Why does $e^{\frac10}\neq e^{\frac1{-0}}$?

Question

I was unable to explain why this fails? I asked to it many peers and they too can't. I faced this situation when solving a kind of integration problem.

Consider $x=-x$

Then $x=0$

That is, $0=-0$

Now consider,

$$e^{\frac1x}=e^{\frac1x}$$ $$e^{\frac1x}=e^{-\frac1{-x}}$$ $$e^{\frac10}=e^{-\frac1{-0}}$$ Now since $0=-0$

$$e^{\frac10}=e^{-\frac1{0}}$$ $$e^\infty=e^{-\infty}$$ $$\infty=0$$

But how can this happen?

UPDATED: $$\lim_{x\to 0+}\frac1x=\infty$$ $$\lim_{x\to 0-}\frac1x=-\infty$$

Then what is?

$$\lim_{x\to 0}e^\frac1x=?$$

Answer 1

The function $\frac1x$ is not continuous at $0$, and not only that it is not continuous, it has different limits from each side.

Consider the function: $f(x)=\begin{cases} -1 & x<0\\0 & x=0\\ 1 & x> 0\end{cases}$

It is clear that: $$\lim_{x\to0^-}f(x)=-1\neq 0=f(0)\neq\lim_{x\to0^+}f(x)=1$$

There's no reason to expect that a function discontinuous at $0$ will satisfy $\lim_{x\to0^-}f(x)=\lim_{x\to0^+}f(x)$.
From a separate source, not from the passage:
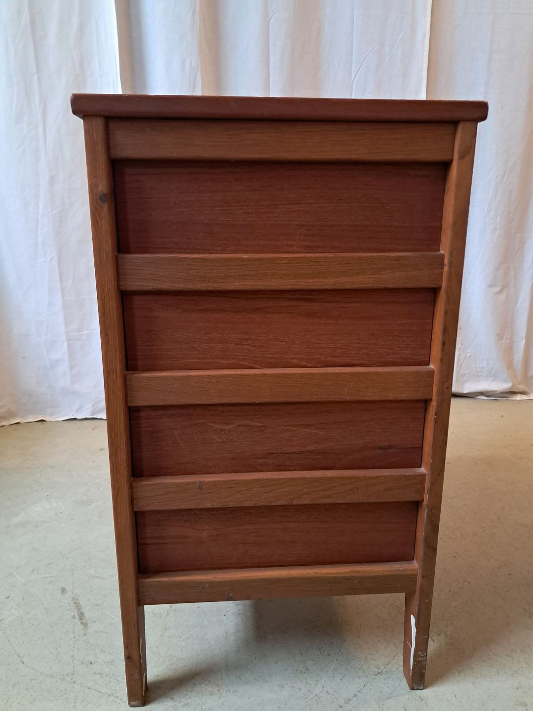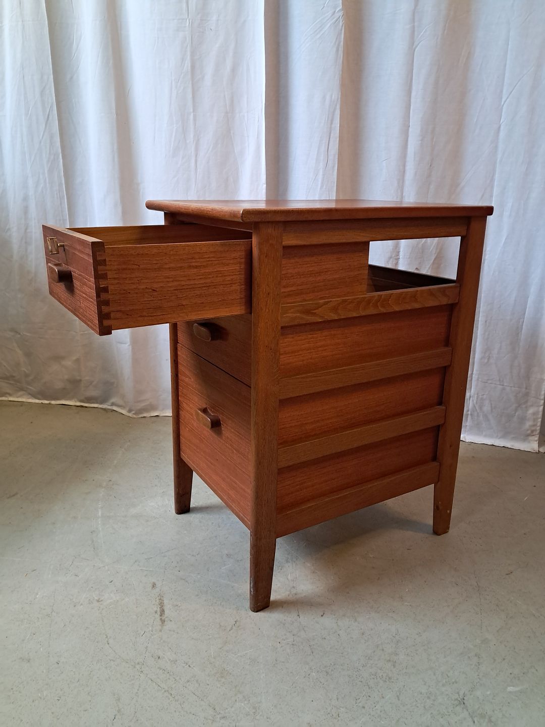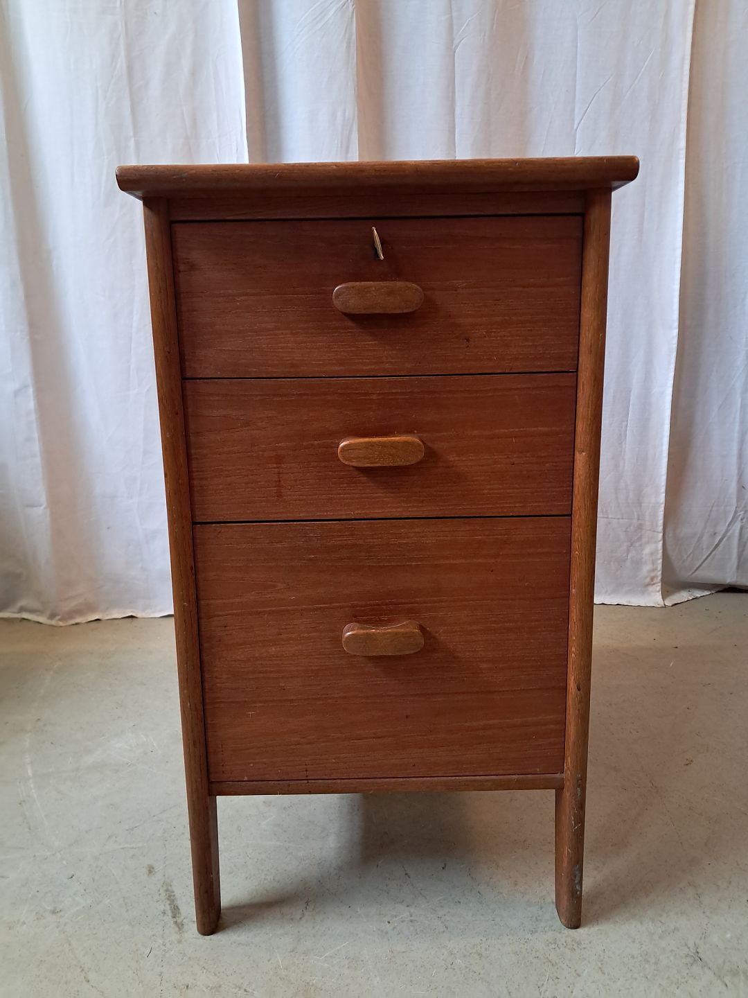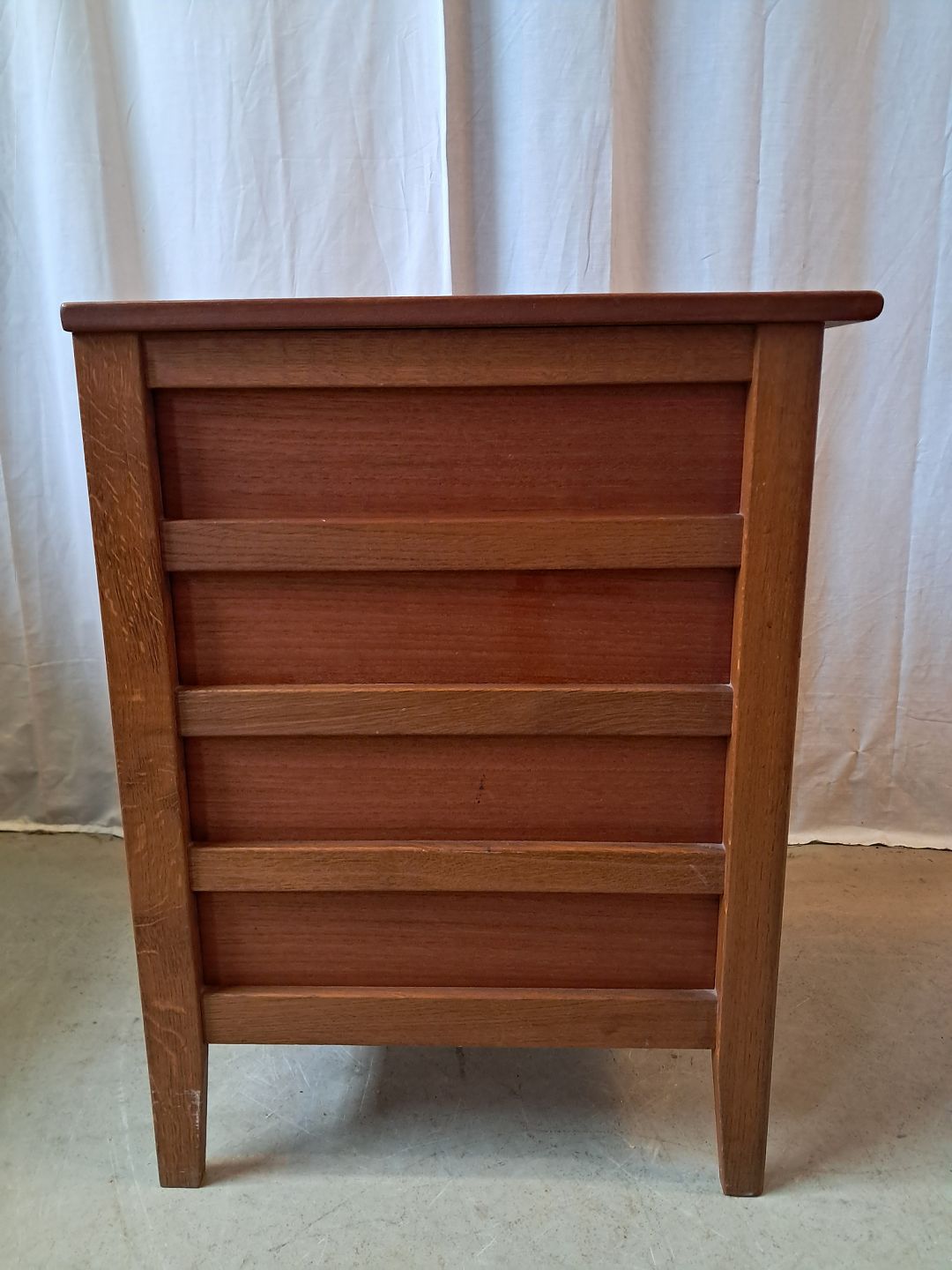 Kommode i massivt egetræ og fineret teaktræ, fra 19670erne. Den har brugsspor. Højde 75cm Bredde 42cm Dybde 58cm Emne nummer: 77800

And while some functions can be extended continuously to have a value at $+\infty$ or $-\infty$ (and this value itself may or may not be $\pm\infty$); not all functions can be extended in such way.

And even if you can extend it, there is no guarantee that $f(+\infty)=f(-\infty)$. Which is exactly the case for $f(x)=e^x$.

Answer 2

$\lim_{x\to 0-}e^\frac1x=e^{-\infty} = 0$

and

$\lim_{x\to 0+}e^\frac1x=e^{\infty} = \infty$

therefore the limit does not converge, therefore it does not exist.

graphing software can often be useful in testing limits like this.

earlier in your question you stated $1\over 0 $ $ = \infty$ this is somewhat of a naive approach to defining infinity that computer scientists sometimes use and is not mathematically rigours as in doing so they ignore the limit from the negative direction.

Answer 3

It's very simple:

$\frac10$ is not defined. So any equation that contains this term is undefined.

$\infty$ is not a number. It is the limit of an infinite process.

---

For the second question about:
$\lim_{x\to 0}e^\frac1x=?$

As you did already proof by yourself, this term has two different limits. A left-side limit (by approaching from negative numbers and getting closer and closer to 0) and a right-side limit (by approaching from the other side), and those limits are different.

The point is, that $e^\frac10$ itself is undefined since $\frac10$ is undefined. You can get as close to $e^\frac1{x\to 0}$ as you want, and as long as $x\ne 0$ you will get well defined numbers as an result, but not for $x=0$. This case is undefined.